== Your assignment ==
Please return the records below exactly as they stand, with the pictures removed.

Source data:
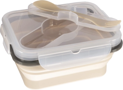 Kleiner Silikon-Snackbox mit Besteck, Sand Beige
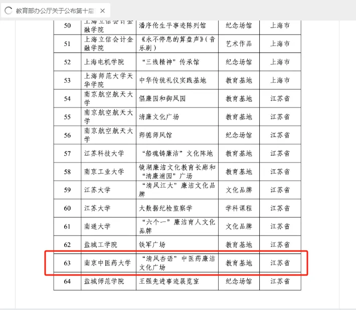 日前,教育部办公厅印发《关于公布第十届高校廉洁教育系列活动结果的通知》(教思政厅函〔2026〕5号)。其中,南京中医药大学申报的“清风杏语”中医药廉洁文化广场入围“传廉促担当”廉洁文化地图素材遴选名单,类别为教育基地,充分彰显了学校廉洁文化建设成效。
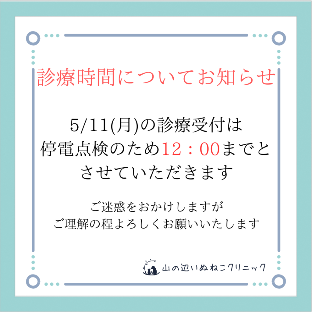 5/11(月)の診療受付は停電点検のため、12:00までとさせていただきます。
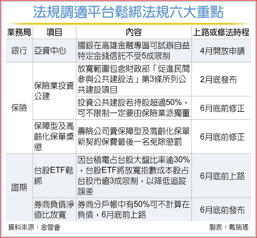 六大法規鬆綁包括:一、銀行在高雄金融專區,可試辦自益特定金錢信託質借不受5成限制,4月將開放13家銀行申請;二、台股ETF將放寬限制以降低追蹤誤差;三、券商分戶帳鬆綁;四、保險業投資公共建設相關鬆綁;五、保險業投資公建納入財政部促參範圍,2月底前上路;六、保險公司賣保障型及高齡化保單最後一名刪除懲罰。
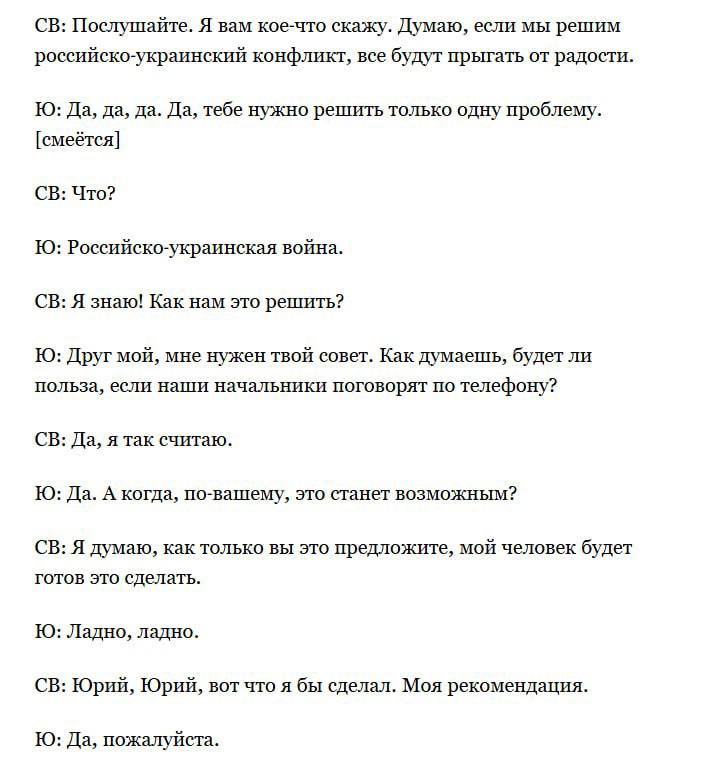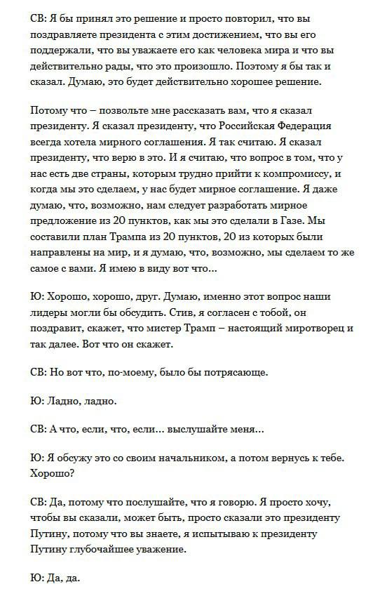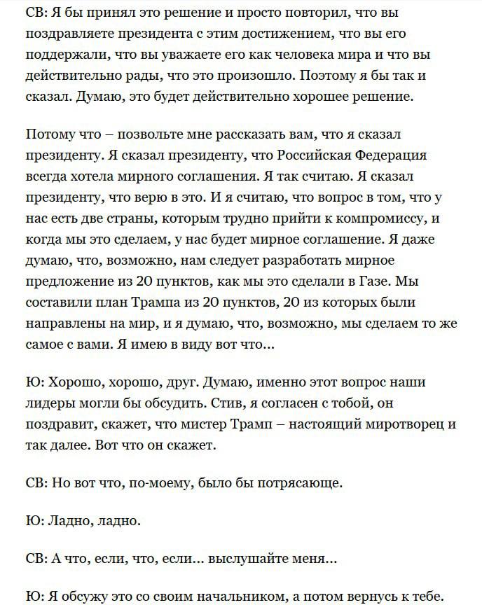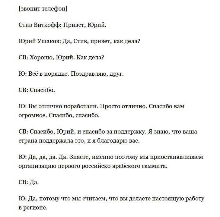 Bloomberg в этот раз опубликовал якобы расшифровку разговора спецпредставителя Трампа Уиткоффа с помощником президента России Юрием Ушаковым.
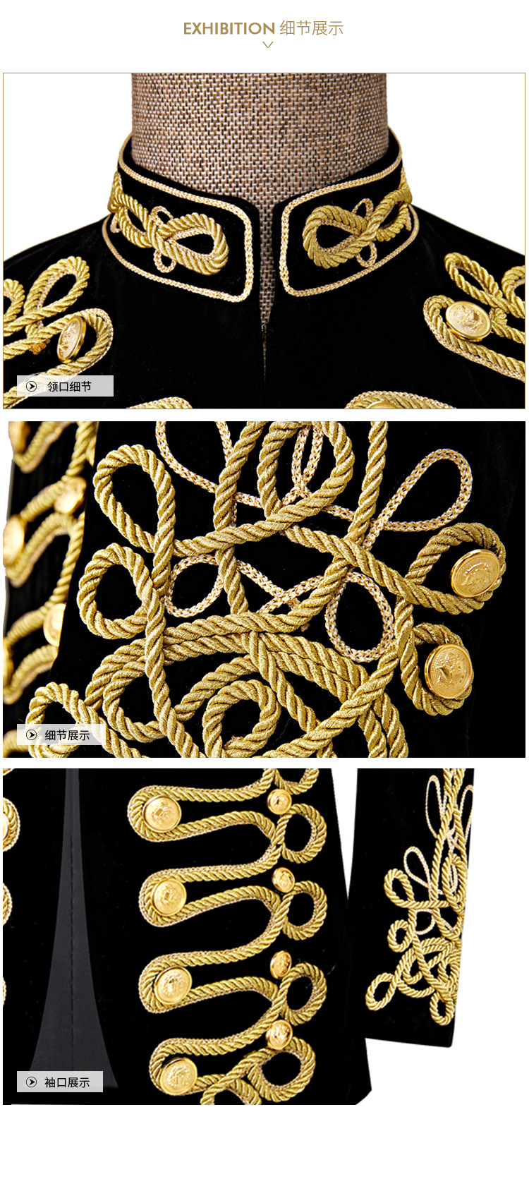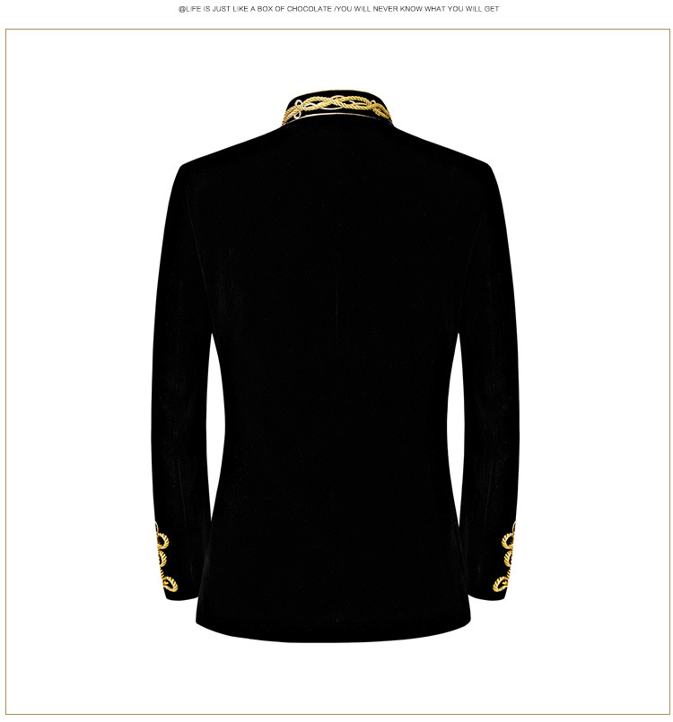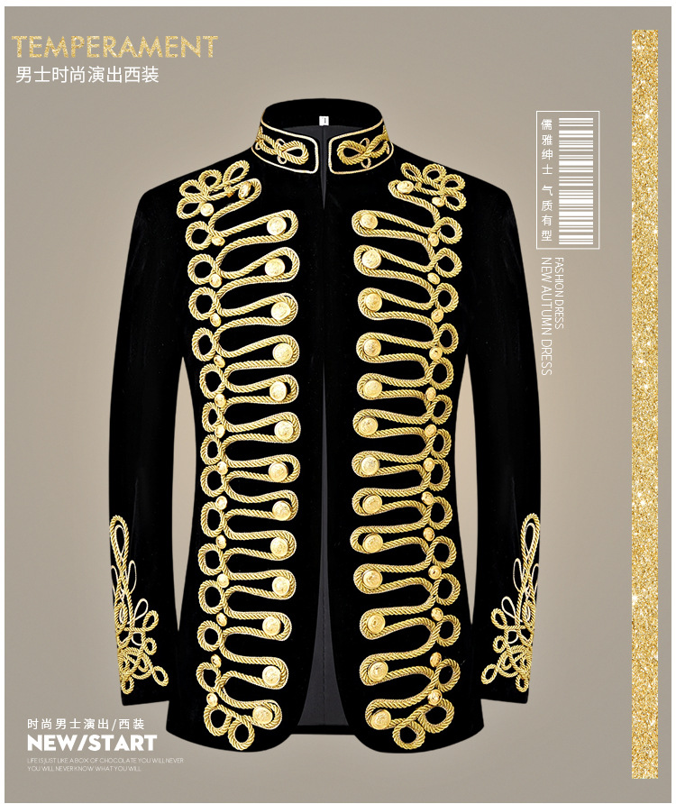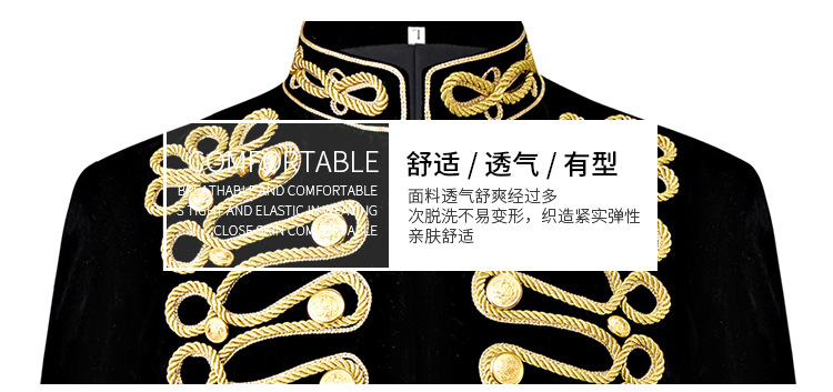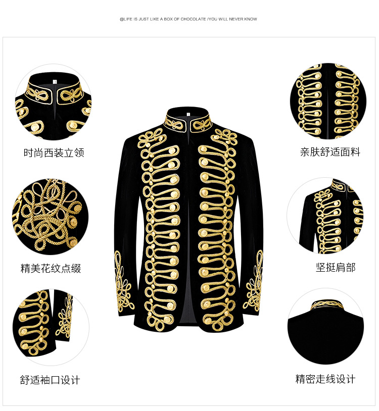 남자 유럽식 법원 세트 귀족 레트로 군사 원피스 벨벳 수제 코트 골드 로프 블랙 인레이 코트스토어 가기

== Exercise solution ==
 Kleiner Silikon-Snackbox mit Besteck, Sand Beige
 日前,教育部办公厅印发《关于公布第十届高校廉洁教育系列活动结果的通知》(教思政厅函〔2026〕5号)。其中,南京中医药大学申报的“清风杏语”中医药廉洁文化广场入围“传廉促担当”廉洁文化地图素材遴选名单,类别为教育基地,充分彰显了学校廉洁文化建设成效。
 5/11(月)の診療受付は停電点検のため、12:00までとさせていただきます。
 六大法規鬆綁包括:一、銀行在高雄金融專區,可試辦自益特定金錢信託質借不受5成限制,4月將開放13家銀行申請;二、台股ETF將放寬限制以降低追蹤誤差;三、券商分戶帳鬆綁;四、保險業投資公共建設相關鬆綁;五、保險業投資公建納入財政部促參範圍,2月底前上路;六、保險公司賣保障型及高齡化保單最後一名刪除懲罰。
 Bloomberg в этот раз опубликовал якобы расшифровку разговора спецпредставителя Трампа Уиткоффа с помощником президента России Юрием Ушаковым.
 남자 유럽식 법원 세트 귀족 레트로 군사 원피스 벨벳 수제 코트 골드 로프 블랙 인레이 코트스토어 가기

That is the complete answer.